**About this exercise:**
Below are the records. Retype, exactly, the lines from the first through the line with "Supportive & Comfortable: Internal", and leave out the pictures.

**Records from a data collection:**
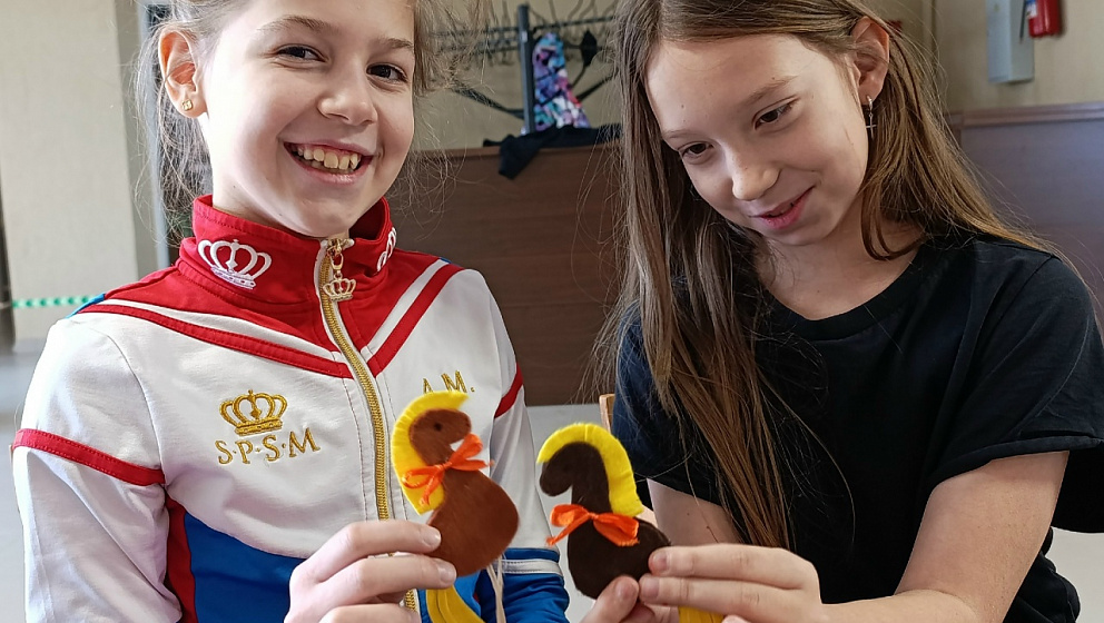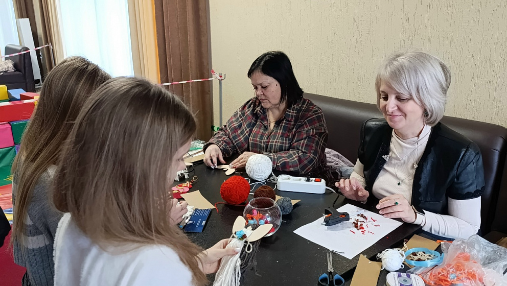 Ребята с энтузиазмом погрузились в работу: из фетра, ниток и бусин рождались забавные лошадки, нарядные ёлочки и рождественские ангелы-хранители. Юные участники активно освоили технику скрапбукинг, создавая новогодние книжные закладки.
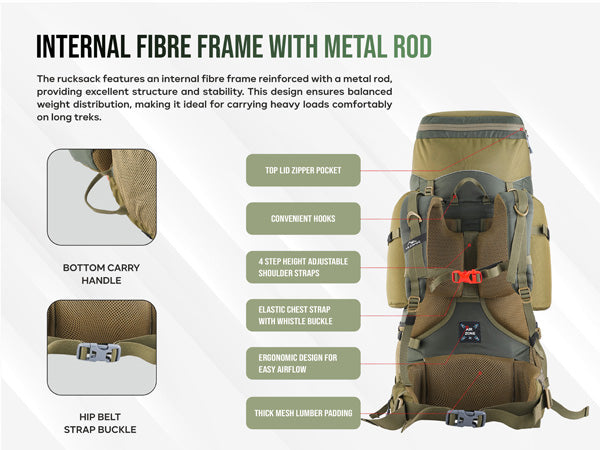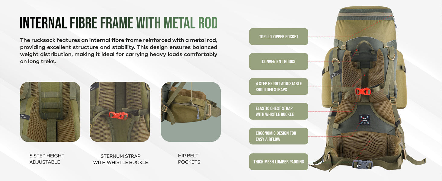Supportive & Comfortable: Internal metal and fiber frame with padded shoulder straps and breathable back support for all-day comfort.
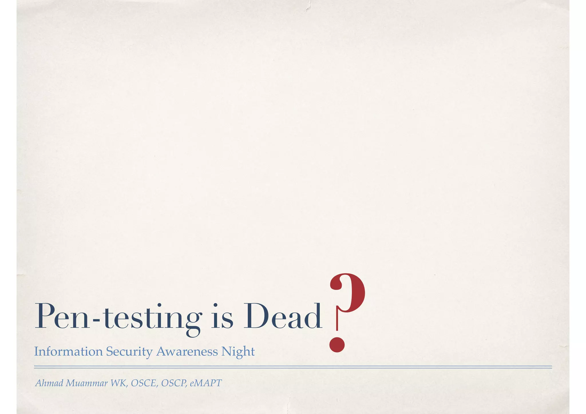 Ahmad Muammar discusses the misconceptions surrounding penetration testing, arguing that it is not dead but evolves alongside practices like bug bounty programs and red team assessments. He emphasizes that while these methods serve distinct purposes, they should complement each other to ensure thorough security evaluations. The presentation highlights the importance of adapting penetration testing to modern development practices, such as Agile methodologies and Industry 4.0 technologies.
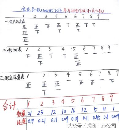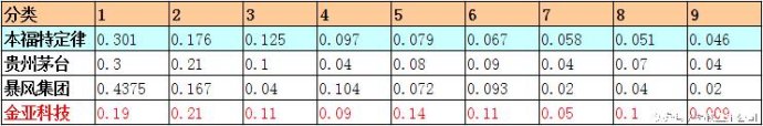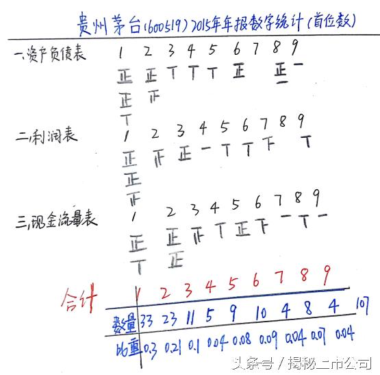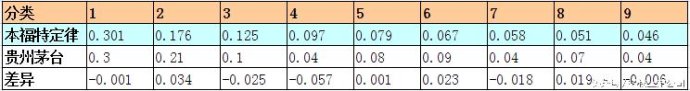 可做折线图比较分析。公司表现越好,偏离本福特定律的程度越小,茅台最接近本福特定律;反之,公司表现不好财务造假,就会与本福特定律有明显偏离,金亚科技就是一个例子。最后附我分析这几家公司时的草稿,更多的信息在草稿里面。局限是数据不够大,选择的公司不够多。
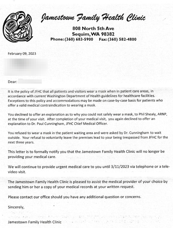 In February 2023, Laura visited Jamestown Clinic for the first time. She couldn’t wear a mask safely due to her injuries, a disability recognized by Washington state law—where mask exemptions were formally acknowledged until statewide mandates ended. Individuals didn’t need documentation.

**Answer for the task:**
 Ребята с энтузиазмом погрузились в работу: из фетра, ниток и бусин рождались забавные лошадки, нарядные ёлочки и рождественские ангелы-хранители. Юные участники активно освоили технику скрапбукинг, создавая новогодние книжные закладки.
Supportive & Comfortable: Internal metal and fiber frame with padded shoulder straps and breathable back support for all-day comfort.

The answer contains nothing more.